A = A * 1j # 4. Make each matrix purely imaginary.
# 2. Define the test function (operates on the whole batch)
def test_exp_batch(matrices):
# torch.matrix_exp handles a batch of matrices directly
return torch.matrix_exp(matrices)
# 3. Run the test
print("\n--- Starting performance test ---")
# First run for warmup and JIT/CUDA compilation
_ = test_exp_batch(A)
# If using GPU, synchronize to ensure completion
if device == 'cuda':
torch.cuda.synchronize()
# Second run for accurate timing
print(f"\nPyTorch exp (batch, {device.upper()}) time:")
start_run_time = time.perf_counter()
# Perform the core computation
result = test_exp_batch(A)
# Synchronize again for accurate GPU timing
if device == 'cuda':
torch.cuda.synchronize()
end_run_time = time.perf_counter()
print(f"\nTotal time: {end_run_time - start_run_time:.6f} seconds")
Julia Code
using LinearAlgebra
# 1. Set test parameters
num_threads = 1
N = 9
const loop = 2 * 2^9 * 2^9 # 4 * 2^9 * 2^9 = 1,048,576
println("Testing $N x $N matrix exponential, $loop loops")

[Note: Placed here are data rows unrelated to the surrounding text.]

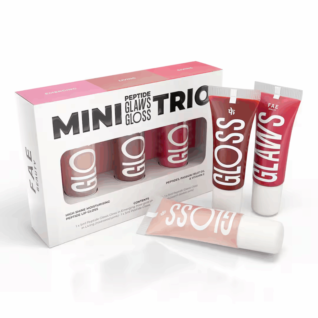 Get glam and glossy lips with the FAE Beauty Mini Peptide Lip Gloss Trio | With Passionfruit Oil & Argireline to Smoothen, Even, and Soften Lips | Non Sticky | Hydrating | Vegan | Shades – Emerging | Living | Giving. It includes three pretty hues—a rose gold shimmer, a rosewood pink, and a warm Barbie pink—to compliment both full-makeup and no-makeup looks. Formulated with Argireline and passionfruit, these cushiony glosses help keep your lips wrinkle-free, soft, and moisturized. With the shiny look of a gloss, the non-sticky feel of a lip oil, and the nourishing benefits of a peptide treatment, this gloss trio is the perfect treat for your pout.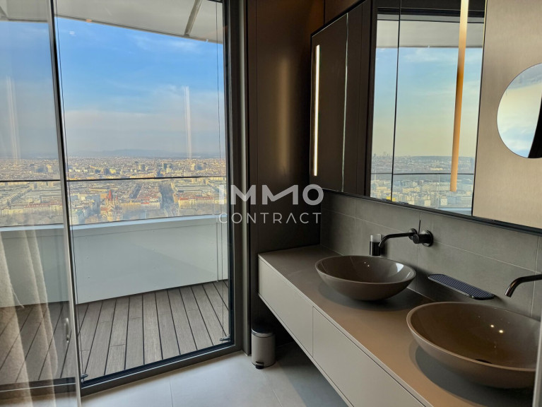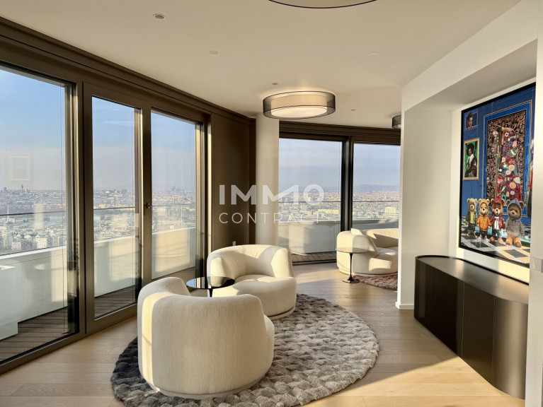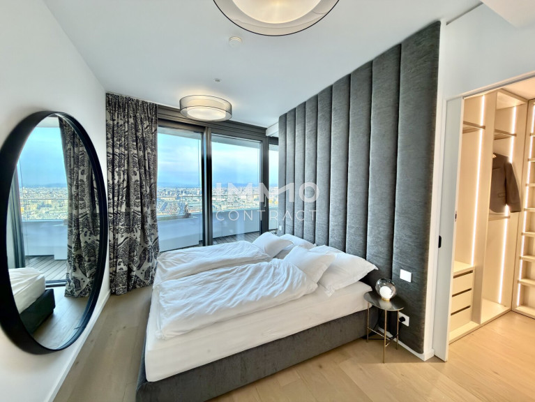 This exclusive apartment is located in Danubeflats, one of Vienna’s most prestigious residential buildings and Austria’s tallest residential tower. Floor-to-ceiling windows, modern architecture and premium finishes create a unique living experience high above the city. Residents enjoy spectacular views over Vienna as well as outstanding amenities within the building. These include an exclusive wellness area with swimming pool, a fully equipped fitness center, as well as a restaurant and bar that perfectly complement the luxurious lifestyle of this extraordinary residence. A rare opportunity for those seeking premium living at one of Vienna’s most exclusive addresses.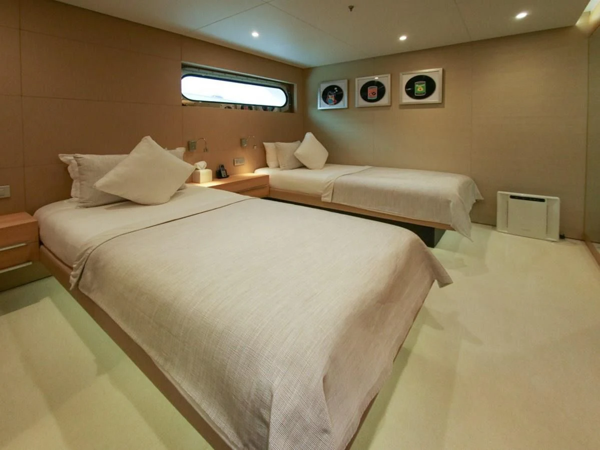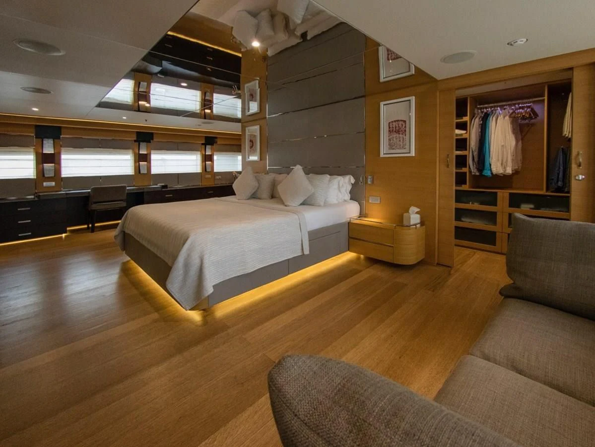 Inside DARLING, luxury takes on new dimensions. She comfortably accommodates up to ten guests across her five lavish cabins – each one meticulously designed to provide unrivaled comfort and style. The master stateroom stands out with its expansive layout, sumptuous furnishings, and stunning en-suite facilities that are second to none. Furthermore, seven dedicated crew members are always at hand to ensure every voyage aboard this gem is nothing short of extraordinary.
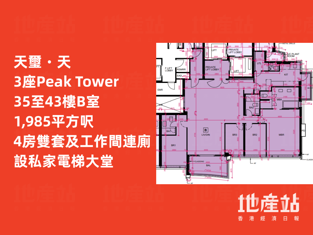 至於4房雙套單位,全數均設有私家電梯大堂,分布於3座Peak Tower 33至47樓A至D室,當中A、B、D室均設工作間連廁,由梗廚內接;C室則不設工作間,但其通往走火通道的走廊內,設有額外廁所。另外,A及B室的主人房套廁均設有雙洗手盆。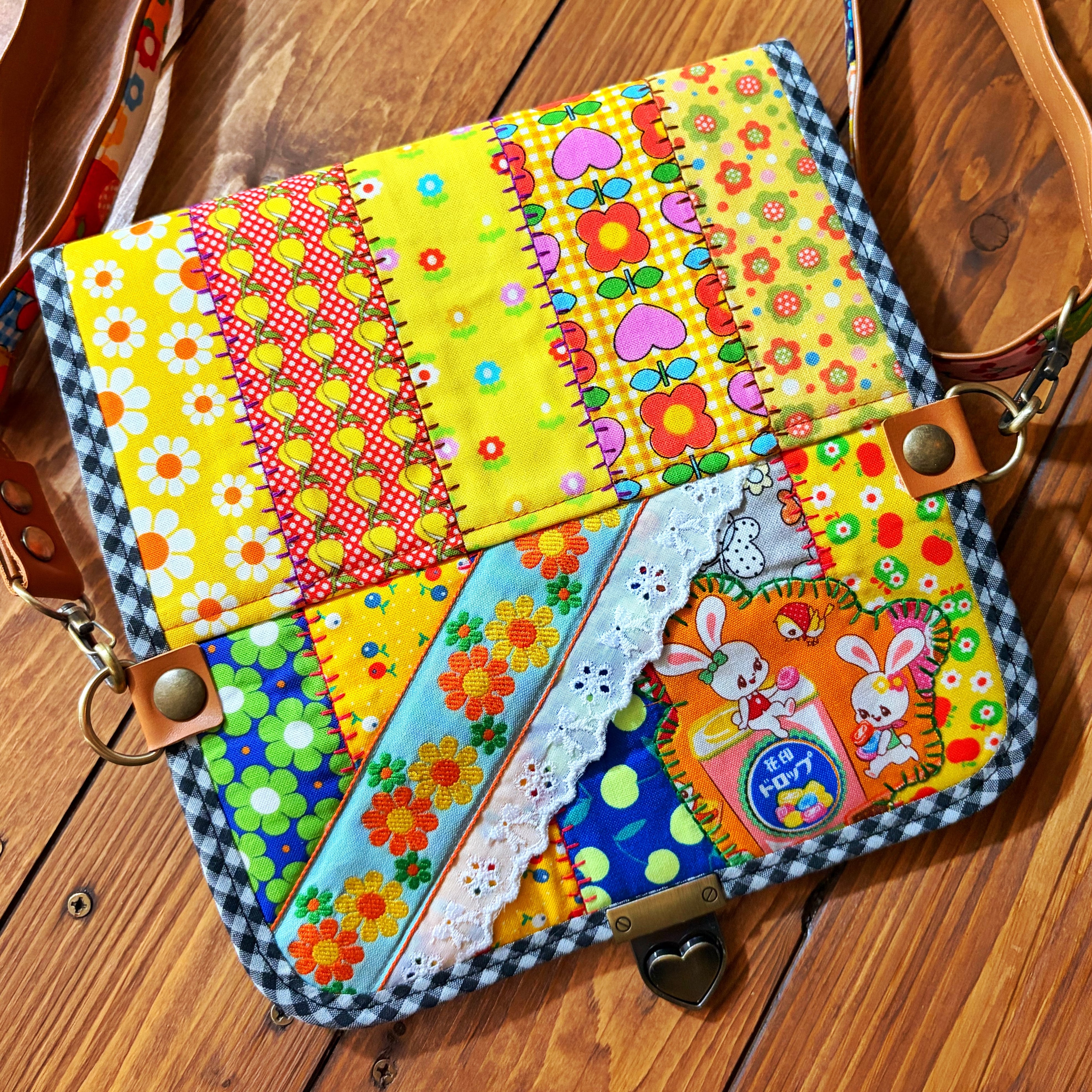 一つひとつ丁寧に組み合わせたパッチワーク仕立てに、同じ配置ではもう作れない、一点ものです。

# Create a purely imaginary, symmetric matrix with a zero diagonal.
A = rand(N, N) # 1. Start with a random real matrix.
for i = 1:size(A,1)
A[i,i] = 0 # 2. Set the main diagonal to zero.
end
A = A + transpose(A) # 3. Make it symmetric (A = A^T).
A = im*A # 4. Make it purely imaginary.
# 2. Define the test function
function test_exp(A, loop)
for i in 1:loop
exp(A) # exp() on a matrix is the matrix exponential
end
end
# 3. Set thread count and run the test
println("\n--- Testing on $(num_threads) thread(s) ---")
LinearAlgebra.BLAS.set_num_threads(num_threads)
println("BLAS threads: ", LinearAlgebra.BLAS.get_num_threads())
# First run for warmup and JIT compilation
@time test_exp(A, loop);
# Second run for accurate timing
println("\nJulia exp ($(num_threads) thread(s)) time:")
@time test_exp(A, loop);
MATLAB Code
clear;
% 1. Set test parameters
num_threads = 1;
N = 9;
loop = 2 * 2^9 * 2^9; % 4 * 2^9 * 2^9 = 1,048,576
fprintf('Testing %dx%d matrix exponential, %d loops\n', N, N, loop);
% 2. Create a purely imaginary, symmetric matrix with a zero diagonal.
A = rand(N, N); % 1. Start with a random real matrix.
A(1:N+1:end) = 0; % 2. Set the main diagonal to zero.
A = A + A.'; % 3. Make it symmetric (A = A^T).
A = 1i * A; % 4. Make it purely imaginary.
% 3. Set thread count and display
maxNumCompThreads(num_threads);
fprintf('\n--- Testing on %d thread(s) ---\n', maxNumCompThreads);
% 4. Run the test
% First run for warmup
B = expm(A); % In MATLAB, matrix exponential is expm()
% Second run for accurate timing
fprintf('\nTiming...\n');
tic; % Start timer
for i = 1:loop
B = expm(A);
end
elapsedTime = toc; % Stop timer
fprintf('MATLAB expm (%d thread(s)) time: %f seconds\n', maxNumCompThreads, elapsedTime);
Update based on community feedback
User @yolhan_mannes pointed out a key reason for the performance difference: PyTorch utilizes a highly optimized batched implementation for matrix_exp
on the GPU, while the Julia ecosystem may not have a readily available equivalent yet.
The suggested path forward is to implement a batched version of the standard “Padé Approximant + Scaling & Squaring” algorithm, likely using custom CUDA kernels.
Is anyone in the community currently working on or aware of efforts to implement batched linear algebra solvers, specifically for functions like exp()
, in packages like GPUArrays.jl
, or elsewhere? If not, what would be a good starting point for someone with a physics background (strong in math, but newer to writing custom CUDA kernels) to begin contributing to such a feature?
This seems like a crucial piece of infrastructure for leveraging Julia’s full potential in scientific domains like quantum simulation.